Вот и Новый Год. 12 часов 1923 года. 29 страница



Эфрос приготовляет теперь все для встречи Анны Ахматовой в Москве. Ее встретят колокольным звоном 3‑го января (она со Щеголевым выезжает 2‑го), Эфрос пригласил ее жить у себя.

– Но не хочется мне жить у Эфроса. По наведенным справкам, у него две комнаты и одна жена. Конечно, было бы хуже, если бы было наоборот: одна комната и две жены, но и это плохо.

– Да он для вас киот приготовляет,– сказал Тихонов.– Вы для него икона...

– Хороша икона!
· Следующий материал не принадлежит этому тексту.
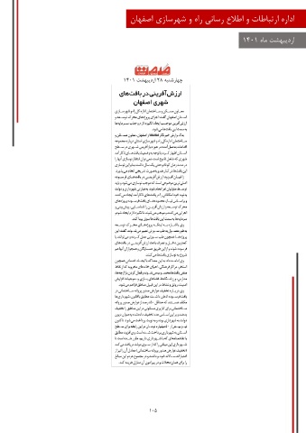 اداره ارتب÷اطات و اطلاع رسانی راه و شهرسازی اصفهان اردیبهشت ماه 1401 چهارشنبه 24اردیبهشت 1401 105
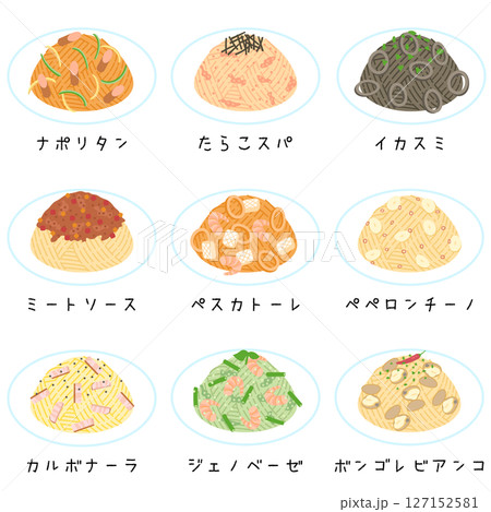 ペペロンチーノやイカスミやボンゴレロッソなどのいろいろな美味しいパスタのアイコン
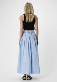 Jupe longue plissée bleu clair en tissu léger, dotée d'une large ceinture et de poches latérales. Portée avec des chaussures noires sans lacets.
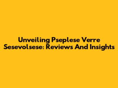 Unveiling Pseplese Verre Sesevolsese: Reviews And Insights
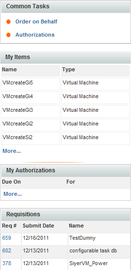 サービスをサービス タイプの項目と関連付けると、My Services のユーザは、ショートカットを使用して、以前サービスに割り当てられていたサービス項目に適用可能なサービスを順序付けることができます。ユーザは、My Services のカタログでサービスを検索しなくても、[My Items] ポートレットにサービス項目を表示できます。サービス項目が選択されると、ユーザに順序付けの権限がある関連サービスがすべて表示されます。
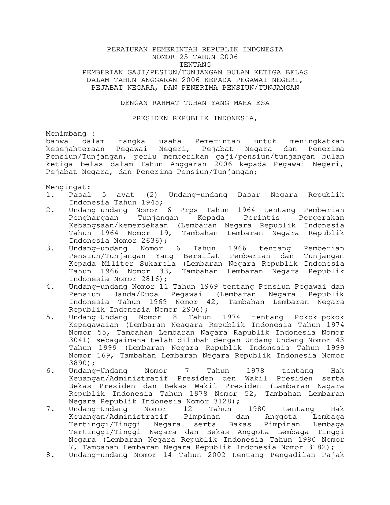 PP Nomor 25 Tahun 2006 | Peraturan Pemerintah Nomor 25 Tahun 2006 tentang PEMBERIAN GAJI/PENSIUN/TUNJANGAN BULAN KETIGA BELAS DALAM TAHUN ANGGARAN 2006 KEPADA PEGAWAI NEGERI, PEJABAT NEGARA, DAN PENERIMA PENSIUN/TUNJANGAN

Он тут каждый вечер тайком приезжал ко мне...

Тихонов смеясь рассказал, как Эфрос условился с ним пойти к Анне Андреевне в гости и не зашел за ним, а отправился один, «а я ждал его весь вечер дома».

– Вот то‑то и оно! – сказала Ахматова. Она показала мне свою карточку, когда ей был год, и другую, где она на скамейке вывернулась колесом – голова к ногам, в виде акробатки:

– Это в 1915. Когда уже была написана «Белая Стая»,– сказала она.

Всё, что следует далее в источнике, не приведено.